The bloodthirsty thug accused of doling out the final death blows on an Ecuadorian immigrant he thought was gay walked away after beating him senseless on a Brooklyn street, but returned to finish the job when he saw his victim trying to get up, prosecutors said today.
Keith Phoenix beat José Sucuzhanay “over and over again with the bat held high above his head,” because he thought he was gay, prosecutor Joshua Hanshaft said in court today.
“Jose tried to get up… and (Phoenix) came back with the bat and beat him two to three times on the head, cracking his skull wide open.”
The dramatic recounting of events came during opening arguments in the trial of Phoenix, 29, and his buddy Hakim Scott, 26, who are accused of murder as a hate crime, manslaughter and assault in the beating death last year of Sucuzhanay.
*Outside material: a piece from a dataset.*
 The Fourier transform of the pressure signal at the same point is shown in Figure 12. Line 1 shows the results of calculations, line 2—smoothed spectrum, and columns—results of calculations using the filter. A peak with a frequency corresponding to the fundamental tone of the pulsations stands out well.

The victim was walking and huddling with his brother along a Bushwick street to shield himself from the cold when thugs mistook them for a gay couple, prosecutors said.
Hanshaft said Scott “took a glass bottle and smashed it with all his might” over Sucuzhanay’s head, knocking him down.
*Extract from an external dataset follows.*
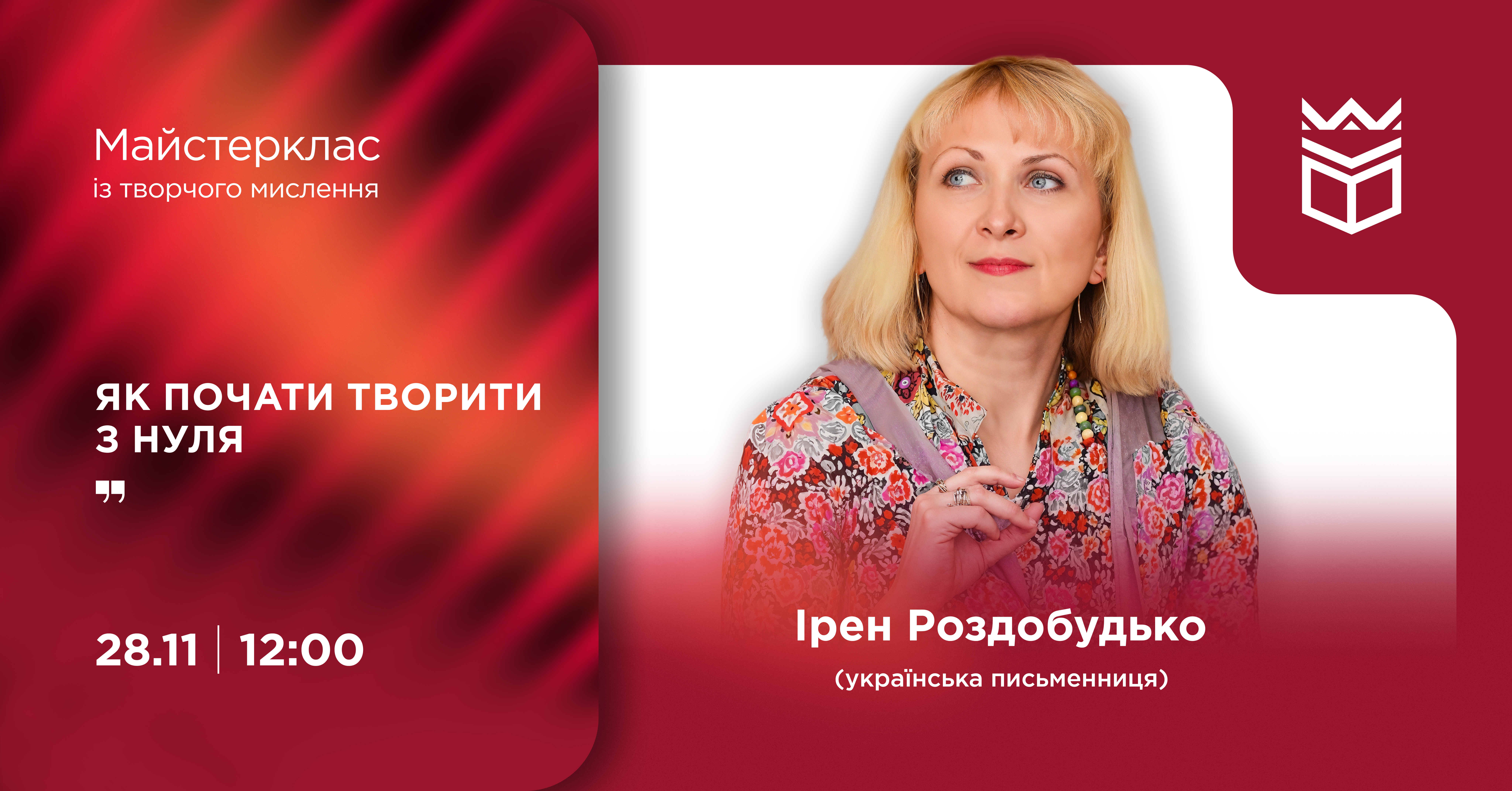 28 листопада о 12:00 в конференц-залі на 4 поверсі УКД відбудеться майстерклас із творчого мислення від Ірен Роздобудько «Як почати творити з нуля».

While Phoenix took over the attack with the bat, Scott chased Sucuzhanay’s brother, Romel, with the broken bottle , preventing him from helping Sucuzhanay, a 31-year-old father of two.
The incident happened around 3:30 a.m. when the victim and his brother were stumbling home drunk from a party.
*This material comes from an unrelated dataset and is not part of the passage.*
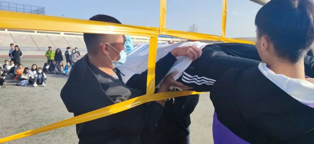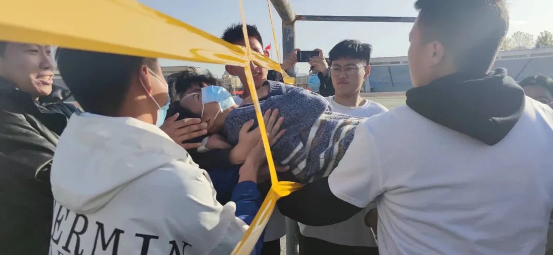 下一个游戏是“鱼跃龙门”,团队齐心协力,将队友举起来,从孔里传过去,考验了队友之间的相互信任和团队协作能力。

Romel was holding his brother “arm in arm,” Hanshaft said. “It appeared they were walking like a married couple.”
The perps saw the brothers from their truck at a red light and shouted anti-Hispanic and anti-gay slurs. An angry Sucuzhanay kicked their truck,” Hanshaft said, and the occupants stepped out and beat him to death.
The perps were later seen partying at a nearby bar, and Phoenix could be seen laughing as he drove over the Triborough Bridge back to his home in the Bronx “laughing and smiling as if nothing happened.”
Cops later arrested Phoenix, who was hiding at a friend’s house in Yonkers.
“So what? I killed someone,” Phoenix said, according to cops. “Does that make me a bad person?”
Lawyers for Phoenix and Scott said jurors should be wary of calling it a hate crime.
“This was never about hate,” said Scott’s lawyer Craig Newman. “This was never about prejudice. Scott never intended to seriously harm anybody.”